What you have to do » Only the lines from the one containing "万众支持,职途未来,校企协同" through the end of the entries should be returned, exactly as they are, with the pictures omitted.

Records supplied »
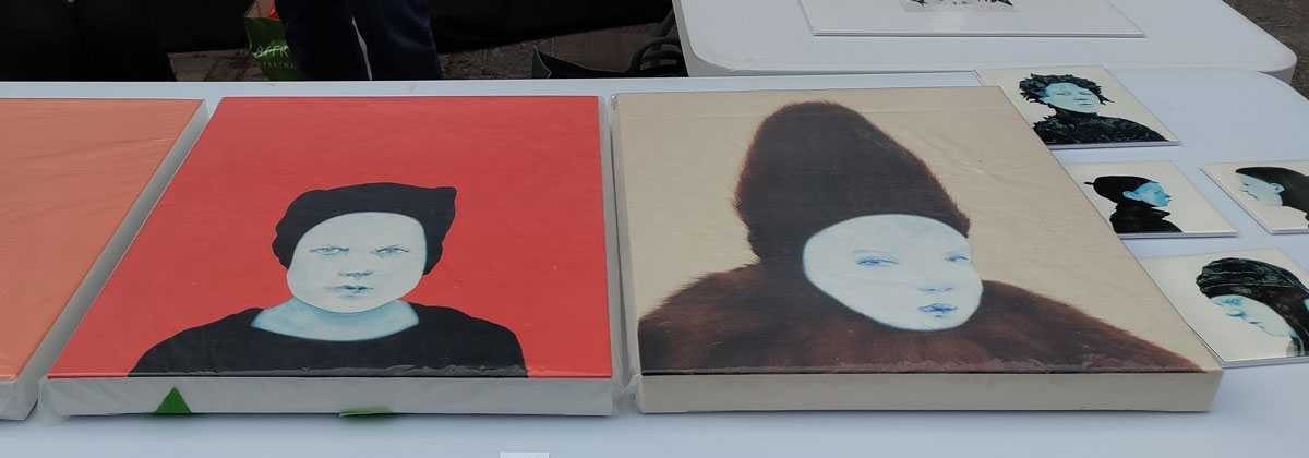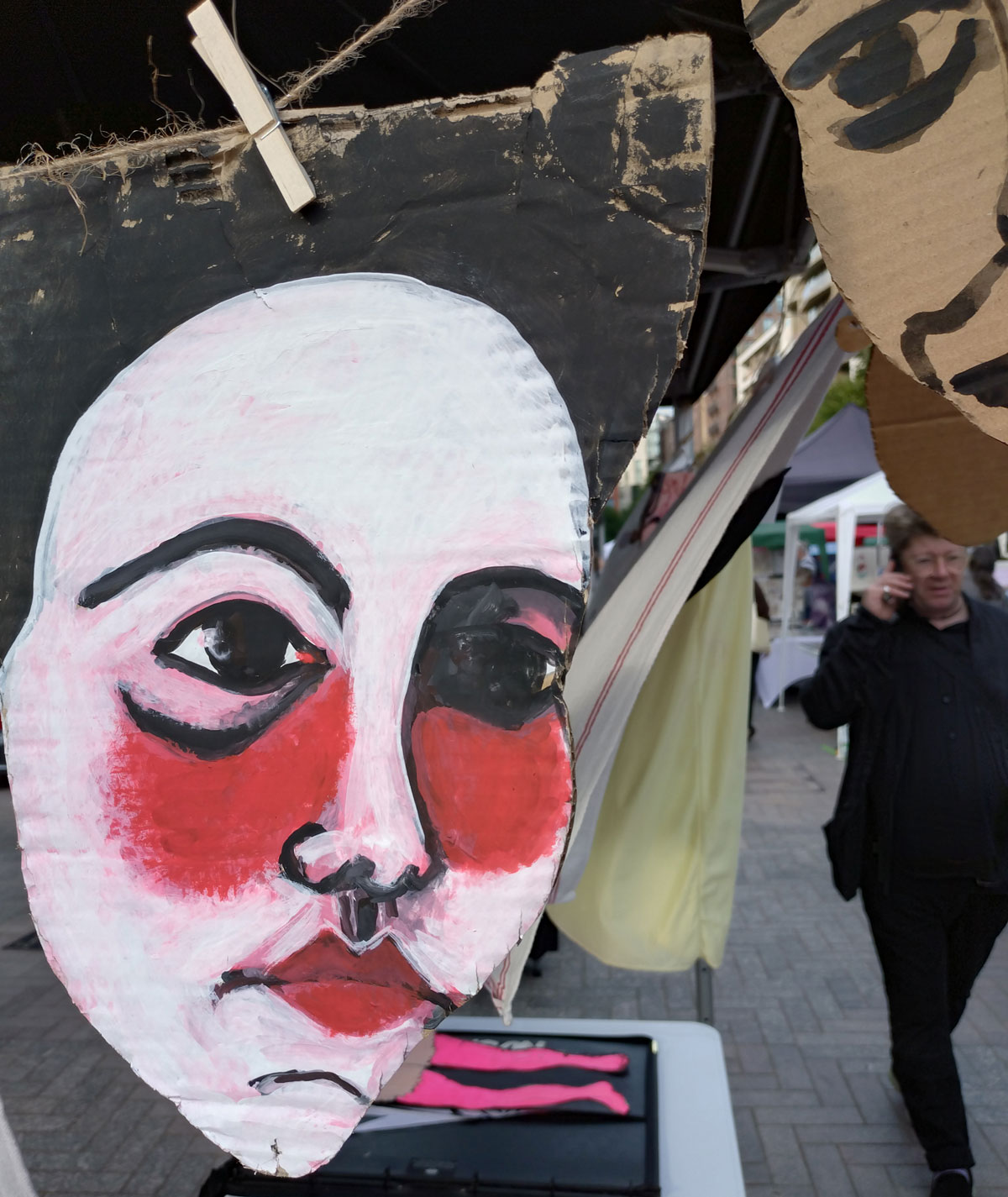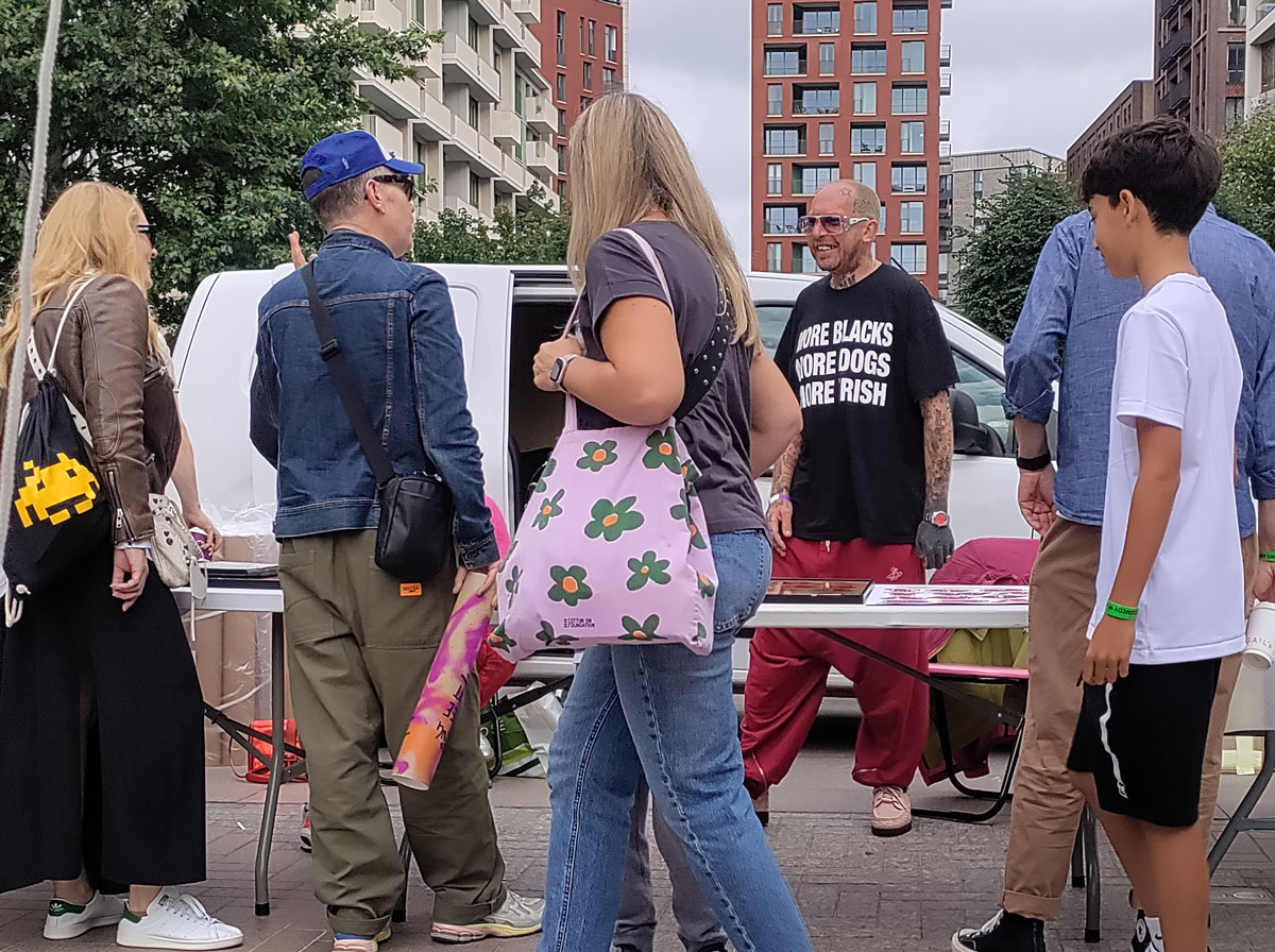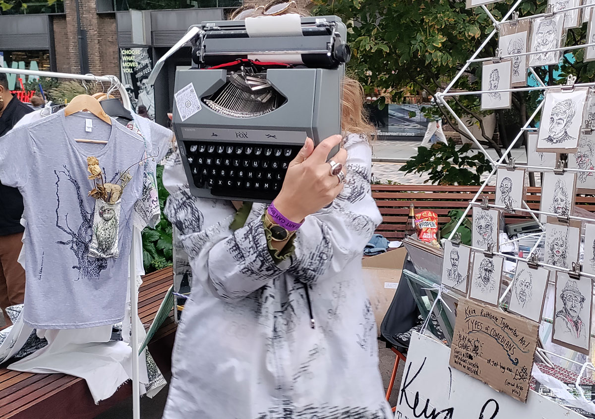 So the weather just about held, the wind wasn’t on our side at times, John Lee Bird’s reading of the day’s news from a copy of The Sun was a particular highlight as was his Animal bit that Slapper might know something about? Did Mr Bird get there on a bus (for a bus)? I must admit I did not want to be placed right by the bloody performance stage. I wanted to be as far away from it all as possible, down the other end of the whole damn ditzy scene (still can’t get used to those extra Ditzy Scene layers but that’s a whole other review of something we might once have had skin in the game of as well). No, keep me well away from the Sweet Art stage and whatever the hell John Lee Bird and the rest of them were going to be doing I yelled before hand (even if our old collaborator Marnie Scarlet was threatening a performance). Was that Saddie Hennessey going past dressed as a fly and distracting me just then? yes, I wanted to be at the other end, my request was ignored and I was stuck right next the damn performance stage! The Sweet Art performance stage was brilliant!! All the performers were excellent, I was having pre-fair nightmares about bad stand up comedians, no no no, Sweet Art done really (really) good! They took it back to the days of Brick Lane, they nailed it, well done Sweet Art and the cast of performers we mostly only caught bits of while getting on with the business of selling art (what the hell was Marnie Scarlett doing?!)
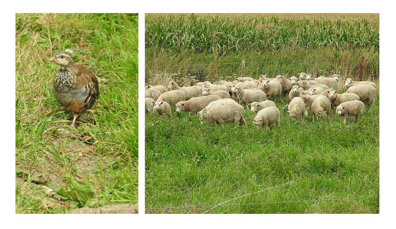 Eddie watered the plants and we filled up the bird feeders and saw a blue tit eating the suet block and peanuts while we had a last cup of tea outside. On our way back we saw a partridge along the track. The field next to the mill is full of sheep, they watched us going past.
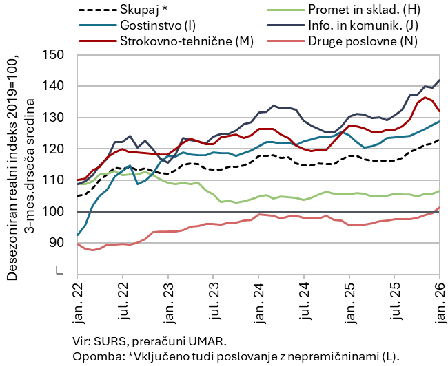 Skupni realni prihodek tržnih storitev se je po povečanju v zadnjem lanskem četrtletju januarja ohranil na decembrski ravni (desez.), medletno pa je ostal večji. V gostinstvu se prihodek krepi od lanske pomladi, v informacijsko-komunikacijskih dejavnostih pa od druge polovice lanskega leta. V strokovno-tehničnih dejavnostih se prihodek po nekajmesečnem zviševanju od zadnje četrtine lanskega leta zmanjšuje, predvsem v arhitekturno-projektantskih storitvah. V dejavnosti prometa in skladiščenja prihodek stagnira od konca leta 2024. V drugih poslovnih dejavnostih je prihodek januarja po postopnem povečevanju od začetka lanskega leta z vidnejšim povečanjem nekoliko presegel raven iz leta 2019 (vse desez.). Skupni realni prihodek je bil januarja medletno večji za 3,8 %, nekoliko manjši kot pred letom je bil le v dejavnosti prometa (za 1,3 %).
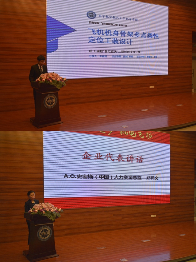 万众支持,职途未来,校企协同形成合力助力人才培养。长期以来,学院与社会各界一直保持密切联系,重视校企合作,拓展育人力量。目前,黄色动漫 拥有昌飞、成飞、沈飞、汉中零组件及A.O.史密斯等5个校企俱乐部。其中成飞俱乐部成员朱春润作为代表讲述了他的科研故事,介绍了在成飞公司的实地调研,分享了在项目完成过程中的思考与感悟,激励更多机电学子加入校企俱乐部,将理论知识与实际生产情况相结合,为祖国的航空事业贡献青春力量。随后,其他4个校企俱乐部也形式各异地展示了学院校企俱乐部的风采。紧接着,A.O.史密斯(中国)人力资源总监郑师文作为企业代表发表讲话,她通过一组数据回顾了A.O.史密斯与南航的合作历程,对机电学子给予了高度的肯定和赞扬,表示未来欢迎更多的机电学子加入A.O.史密斯,还将进一步深化校企合作,通过多元化的渠道和措施助力我校人才培养。
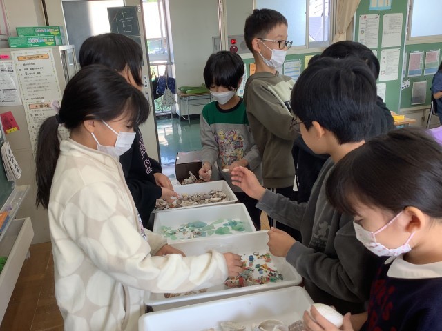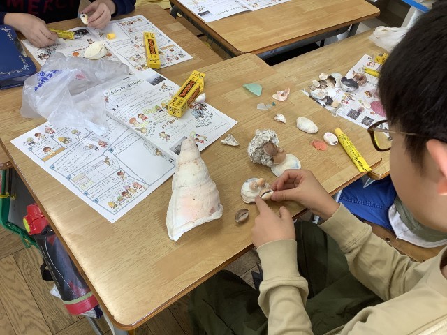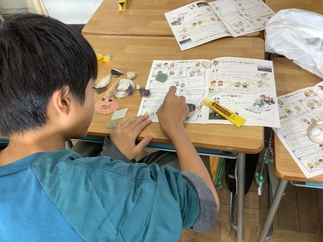 10/28 4年生シーボーンアート① 公開日 2025/10/28 更新日 2025/10/28 今日のできごと 4年生は9月に行った観音崎でたくさん貝を拾いました。今日はその貝も使いながらシーモンスターを作りました。講師は、「日本渚の美術協会」の先生です。「みんな、発想が豊かですね。」と褒めていただきました。

Expected answer »
 万众支持,职途未来,校企协同形成合力助力人才培养。长期以来,学院与社会各界一直保持密切联系,重视校企合作,拓展育人力量。目前,黄色动漫 拥有昌飞、成飞、沈飞、汉中零组件及A.O.史密斯等5个校企俱乐部。其中成飞俱乐部成员朱春润作为代表讲述了他的科研故事,介绍了在成飞公司的实地调研,分享了在项目完成过程中的思考与感悟,激励更多机电学子加入校企俱乐部,将理论知识与实际生产情况相结合,为祖国的航空事业贡献青春力量。随后,其他4个校企俱乐部也形式各异地展示了学院校企俱乐部的风采。紧接着,A.O.史密斯(中国)人力资源总监郑师文作为企业代表发表讲话,她通过一组数据回顾了A.O.史密斯与南航的合作历程,对机电学子给予了高度的肯定和赞扬,表示未来欢迎更多的机电学子加入A.O.史密斯,还将进一步深化校企合作,通过多元化的渠道和措施助力我校人才培养。
 10/28 4年生シーボーンアート① 公開日 2025/10/28 更新日 2025/10/28 今日のできごと 4年生は9月に行った観音崎でたくさん貝を拾いました。今日はその貝も使いながらシーモンスターを作りました。講師は、「日本渚の美術協会」の先生です。「みんな、発想が豊かですね。」と褒めていただきました。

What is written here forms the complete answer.